Dia berhasil berhasil membeli mobil seharga 250 ribu Ringgit Malaysia atau sekitar Rp840 juta dari hasil kerja kerasnya.

Dikutip dari laman Cnalifestyle, Rabu (8/7), penyanyi cilik berambut panjang itu memang cukup dikenal di Negeri Jiran. Bahkan dia memiliki channel YouTube yang subcribe-nya lebih dari 3 juta.

Dari hasil kerja kerasnya baik di YouTube maupun di dunia nyata, Alyssa berhasil mengumpulkan uang untuk membeli mobil mewah asal Jepang itu.

Bahkan ia memposting foto dirinya di sebuah mobil mewahnya di media sosial Instagram saat dirinya baru membeli mobil petama. “Puji Tuhan. My first car,” tulis @alyssa_dezek official.

Namun rupanya dirinya mendapatkan reaksi negatif dari netizen karena dia dianggap terlalu berlebihan membeli mobil tersebut. Netizen menyarankan di usia yang masih terbilang muda lebih baik uangnya digunakan untuk biaya pendidikannya.

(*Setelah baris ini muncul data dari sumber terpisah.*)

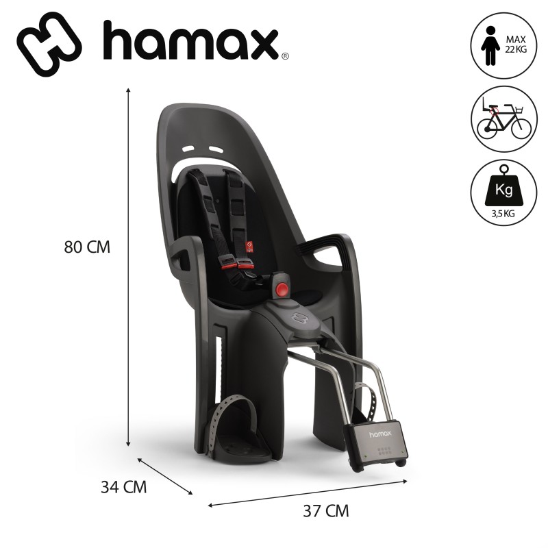 Le porte-bébé Zénith de la marque HAMAX est destiné à être fixé au cadre du vélo grâce à un support de fixation « Quick release » à dégagement rapide. Il est conçu pour faciliter la vie des parents et rendre plus confortable le trajet des enfants.
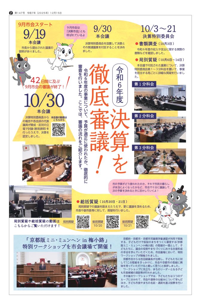 京都市会だより 第147号(12/15発行)は、9月市会後半の報告です。
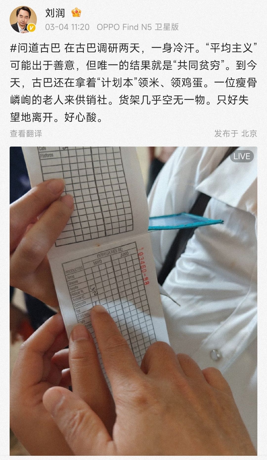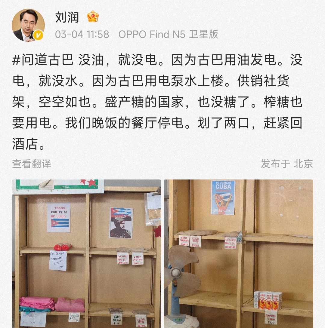 今天又看到刘润老师去古巴的见闻,空旷的货架,还在凭粮票配给生存的人们。
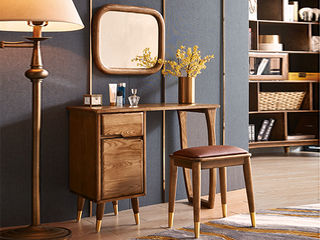 乐芙兰 北欧 进口白蜡木+多层实木板+静音导轨+电镀五金+玻璃 胡桃色 妆台
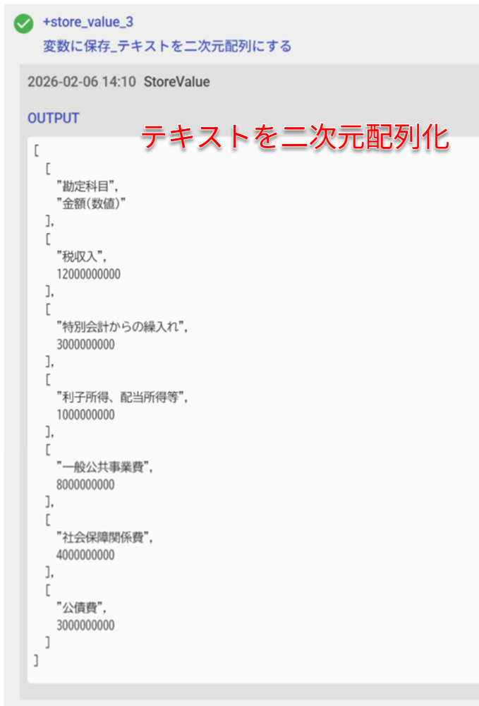あるPDFから、複数の勘定科目を二次元配列にして抜き出すこともできます。

Tak hanya itu, ibu dari bocah itu, Suzanne, juga dituduh memanfaatkan kepopuleran anaknya demi meraup keuntungan pribadinya.

Ibu Alyssa pun membalas komentar netizen. Dia mengatakan, mobil itu memang murni keinginan anaknya sendiri dan akan digunakan untuk jalan-jalan bersama keluarga serta bekerja.

Ibunya juga menjelaskan bahwa suaminya merupakan seorang pilot maskapai penerbangan dan bisa membeli mobil sendiri. “Banyak netizen mengatakan suami saya dan saya ingin memanfaatkan Alyssa untuk membeli mobil. Mereka tidak tahu bahwa ayah Alyssa bekerja sebagai kapten maskapai-dia mampu membeli mobil itu,” ucap ibu Alyssa.

Meskipun Alyssa masih aktif sebagai artis cilik, tetapi ibunda bersama ayahnya terus mendorong agar anaknya lebih mengutamakan pendidikan.